A Scandal in Bohemia was the first of Arthur Conan Doyle's 56 Sherlock Holmes short stories to be published in The Strand Magazine. (Two of the four Sherlock Holmes novels — A Study in Scarlet and The Sign of Four — preceded the short story cycle.)

Synopsis

Holmes is visited by a masked gentleman who introduces himself as Count Von Kramm, an agent for a wealthy client, but Holmes quickly deduces that he is in fact Wilhelm Gottsreich Sigismond von Ormstein, Grand Duke of Cassel-Felstein, the hereditary King of Bohemia. The king admits this, tearing his mask off.

He is engaged to be married to Clotilde Lothman von Saxe-Meningen, a young Scandinavian princess, but one thing stands in the way of his happiness. The king’s inlaws-to-be would have a very low opinion of him indeed if any evidence of his former liaison with an opera singer named Irene Adler, originally from New Jersey, were ever revealed to them. Unfortunately, that is what the lady herself is threatening to do, apparently not, though, for monetary gain, for the king’s agents have already tried to buy the evidence. They have also broken into Miss Adler’s house to find it.

It is a photograph showing both the king, then the Crown Prince, and Irene Adler, described to Holmes as a “cabinet”, and therefore a bit bulky for a lady to carry upon her person. The king gives Holmes £1,000 to cover any expenses. Holmes asks Dr. Watson to join him at 221B Baker Street the following afternoon.

The next morning, Holmes goes out to Miss Adler’s house dressed as an out-of-work groom and manages to elicit quite a bit of useful information from his fellow horsey men. Irene Adler has a gentleman friend who calls at least once a day by the name of Godfrey Norton. On this particular day, Norton comes to visit Miss Adler, and soon afterwards, takes a cab to the Church of St. Monica in Edgware Road.
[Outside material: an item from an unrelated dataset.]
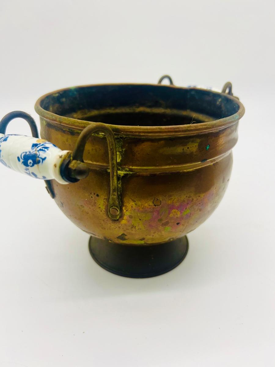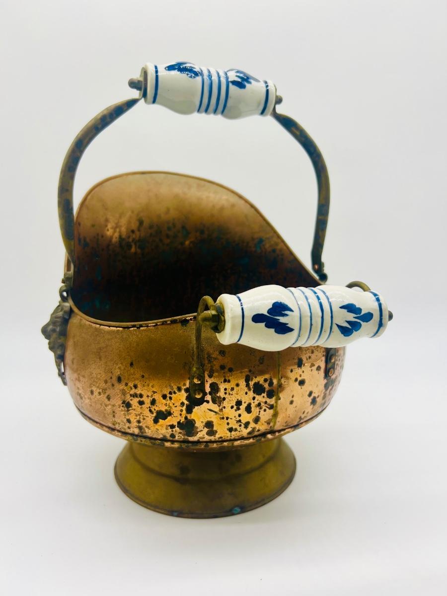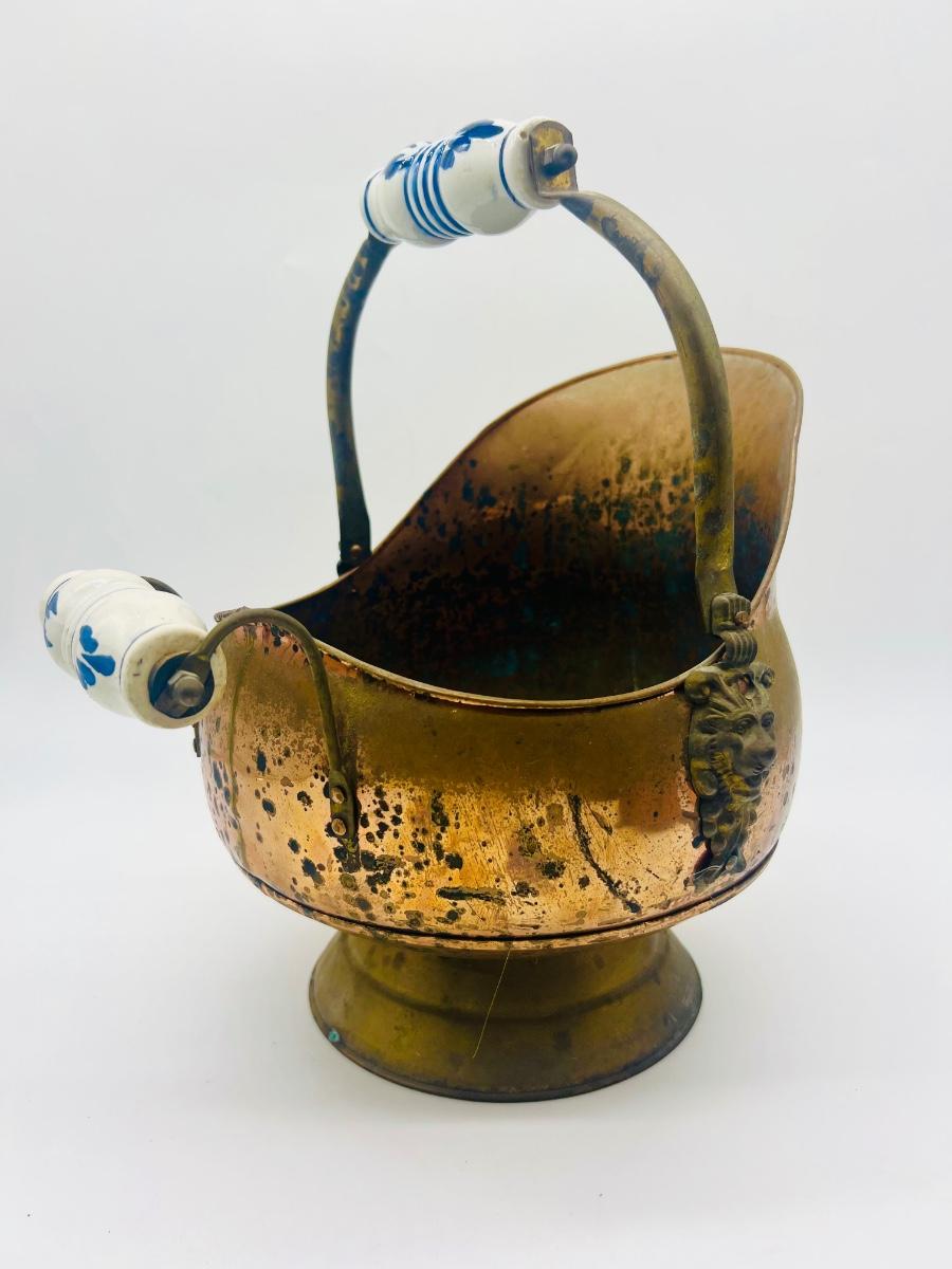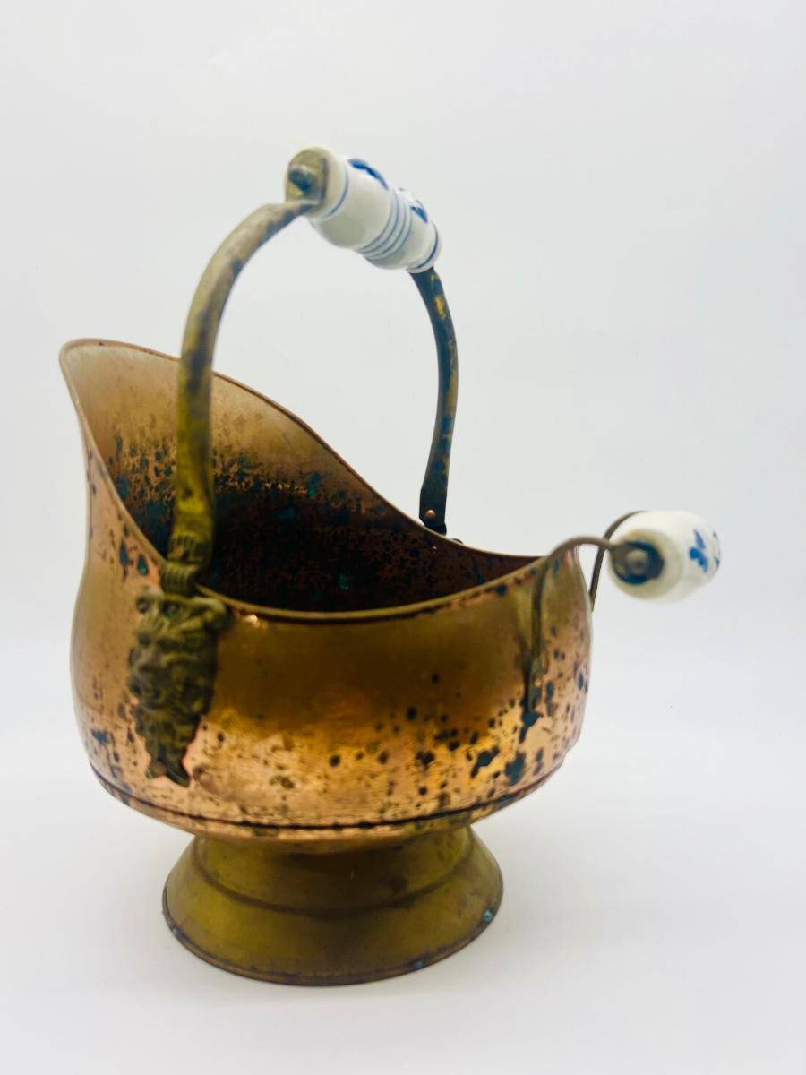 This are MUCH BIGGER THAN THEY APPEAR, read measurements! Early 20th Century lion head brass coal scuttle Ash bucket measures 13 1/2 tall Brass Cooper bucket 5 1/2 inches tall, Footed Brass Measures 10 1/2 inches tall.
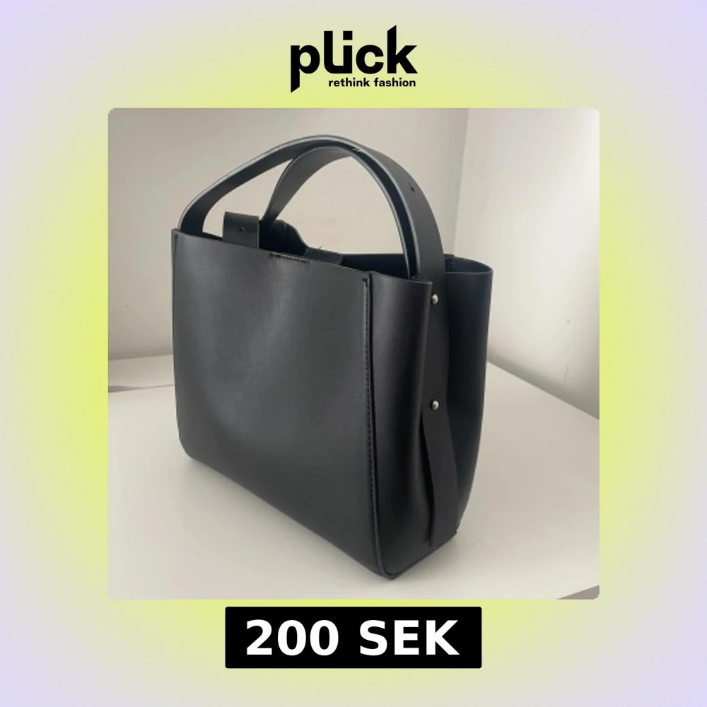 Stilren svart handväska med minimalistisk design och breda handtag. Väskan är tillverkad i slätt skinn och har silverfärgade nitar på sidorna. Perfekt för dig som gillar en clean och modern look.

Minutes later, the lady herself gets in her landau bound for the same place. Holmes follows in a cab and, arriving, finds himself dragged into the church to be a witness to Godfrey Norton’s and Irene Adler’s wedding. Curiously, they go their separate ways after the ceremony.

Holmes decides to make his move that evening, with Watson’s help. Disguising himself as a simple-minded clergyman, he arrives at Irene Adler’s house and, with his agents’ help, causes a commotion in which he falls down with his face bloodied, just as Miss Adler, or Mrs. Norton, arrives home. She has the clergyman conveyed into the house where she tends to him. Watson, having been instructed to keep near the sitting room window, waits for Holmes to raise his hand. At this signal, Watson throws a plumber’s rocket through the window and yells “Fire!”, as do the assorted other characters in the street, all hired by Holmes with the money from the king. Holmes observes Mrs. Norton rushing to a panel in the sitting room, opening it, and beginning to take something out. Having thus discovered where the photograph is, he calls out that it is a false alarm, and contrives to leave the house and to meet Watson at the corner as prearranged.

Upon arriving back at Baker Street, however, something odd happens: they hear a voice say “Good-night, Mister Sherlock Holmes”. Holmes recognizes the voice but cannot place it. If he could, he would deduce what the episode meant.

Holmes, Watson, and the king go to Irene Adler’s house early the next morning to see about doing what Holmes did not have the opportunity to do the night before, namely stealing the photograph. However, they find that she and her husband have left England never to return. The photograph is gone, and in its stead, another has been left, showing only her.

She has also left a letter for Holmes, making it plain that she knew who he was — her suspicions were aroused by the “fire” — and that he was likely to be hired by the king. She declares that she loves and is loved by Godfrey Norton and no longer feels the need to mire her former lover in scandal, and also that the king need never worry now about the photograph — unless he is foolish enough to take any threatening action against her. She has, of course, kept it.

This is one of the few instances in which Holmes is not wholly successful.

The story is considered one of the Holmesian Canon's best.

It is also notable as the only appearance in the Canon of Irene Adler.